2. Materials and Research Methods

The test material is the cladding tubes Ø 9.5 × 8.33 mm (batch # 5080-12-02/4-4) made from an E110 (Zr1%Nb) zirconium alloy based on sponge and produced in compliance with TC 001.411-2009 (cold-rolled seamless tubes for fuel claddings for PWR reactors); the cladding tubes were provided by A.A. Bochvar High-technology Scientific Research Institute of Inorganic Materials in the delivery condition.
The studies of microstructure were performed using an Olympus GX 51 optical microscope (Tokyo, Japan). The studies of microstructure were performed with a light field test and demonstrated the uniformly distributed inclusions of the second phases in the alloy matrix, without clusters, and having an oval shape. The studies performed in the polarized light demonstrated that, when subjected to finish annealing, all the tubes possess a recrystallized structure with an equiaxed grain shape. The average grain size is within the range of 2.8–3.7 µm. The minimum grain size is 0.6–1.4 µm, while the maximum grain size, taking into consideration their conglomeration due to the close proximity of neighboring grains’ polarization, comprises 8.1–10.2 µm. This part of the research was performed on the large-scale research facility IRT-T research reactor (Tomsk, Russia).
Gas-phase hydrogenation was performed on an automated complex gas reaction controller (Advanced Materials Research, Pittsburgh, PA, USA). The hydrogenation temperature varied from 300 °C to 550 °C, the hydrogen pressure was constant and comprised 2 atm., the heating rate comprised 6 °C/min, the cooling rate was ~2 °C/min, and the hydrogenation time varied from several minutes to several hours.
Hydrogen concentration measurements were performed on the hydrogen analyzer RHEN602 (LECO, St. Joseph, MI, USA). The studies performed using all the aforementioned equipment were conducted on the premises of Tomsk Polytechnic University.
Nanohardness tests were carried out using the Agilent Technologies G200 (Santa Clara, CA, USA) using the Instrumented Testing method (instrumental determination of hardness by indenter indentation), which involves measuring the indenter penetration depth during loading and unloading. The set load during the tests was 8 mN. Under this load, it is possible to measure the mechanical characteristics of hydrides up to 5 μm in size without fear of incorrect results.
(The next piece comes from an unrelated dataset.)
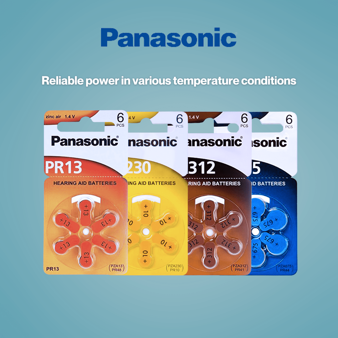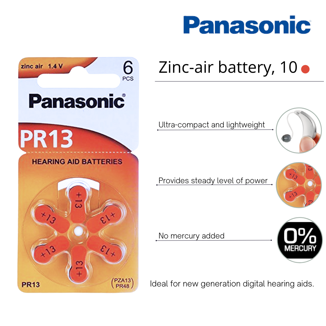 Batteries for hearing aid, Panasonic’s hearing aid batteries are ideal for new generation digital hearing aids. Panasonic’s ZINC AIR hearing aid batteries have been developed with the consumer’s needs in mind.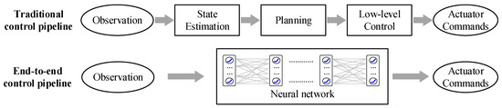 In Figure 2, the traditional control pipeline is presented, along with its modularization. To obtain the actuator commands on the basis of observation, usually, the state estimation, planning, and low-level control stages need to occur. This requires a series of independent modules, and the interfaces between different modules need to be handcrafted. By comparison, our proposed method is based on the end-to-end control pipeline. The core idea is to establish a direct mapping between the input-end (observation) and the output-end (actuator commands) of the system on the basis of the neural network. The end-to-end control pipeline simplifies the control process and is expected to autonomously extract the features that are supportive to the generation of the proper control commands.

The Berkovich diamond pyramid with an angle at the apex of 65.27° was used as an indenter. The indentation hardness Hit (nanohardness) was determined by the Oliver–Farr method as the ratio of the maximum indentation load to the projection area of the indenter contact with the material, with the exception of deflection at the edge of the print.

3. Results and Discussion

3.1. The Effect of the Gas-Phase Hydrogenation Temperature on the Value of the Threshold Temperature of Hydride Rim Formation

Below, Figure 1 presents the results of the metallographic examination using the optical microscope performed for the hydrogenated samples of the E110 alloy cladding tubes at the temperatures 350 °C, 380 °C, and 420 °C, with the pressure in the chamber 2 atm. up to a concentration of 0.1 wt.%.
It has been established that the hydrogenation temperature effects hydride rim formation. Rim formation takes place at the temperature 320 °C, while, at the temperature 380 °C, the hydride rim is practically not observed, and at the temperature 420 °C, the hydride rim is not present. This is explained by the following: hydride rim formation takes place in the cases where the hydrogen solubility in the thin layer of zirconium alloy during hydrogenation is exceeded and the hydrogen absorption rate is higher than the hydrogen diffusion rate in relation to the observed thin layer. After hydrides have been formed in the thin layer, hydrogen diffusion penetrates through this layer further to the alloy volume, where hydrides are also being formed.
Table 1 represents the results of the X-ray diffraction analysis of the E110 zirconium alloy cladding tube samples after hydrogenation under different temperatures.
The results of the X-ray diffraction analysis reveal that, with a hydrogenation temperature increase, there is a decrease in the hydride phase volume in zirconium alloy, which is in good agreement with the results of the metallographic examination. A hydrogenation temperature increase leads to hydride formation in the material bulk and, correspondingly, the inclusion volume of the hydrides in the near-surface layers decreases.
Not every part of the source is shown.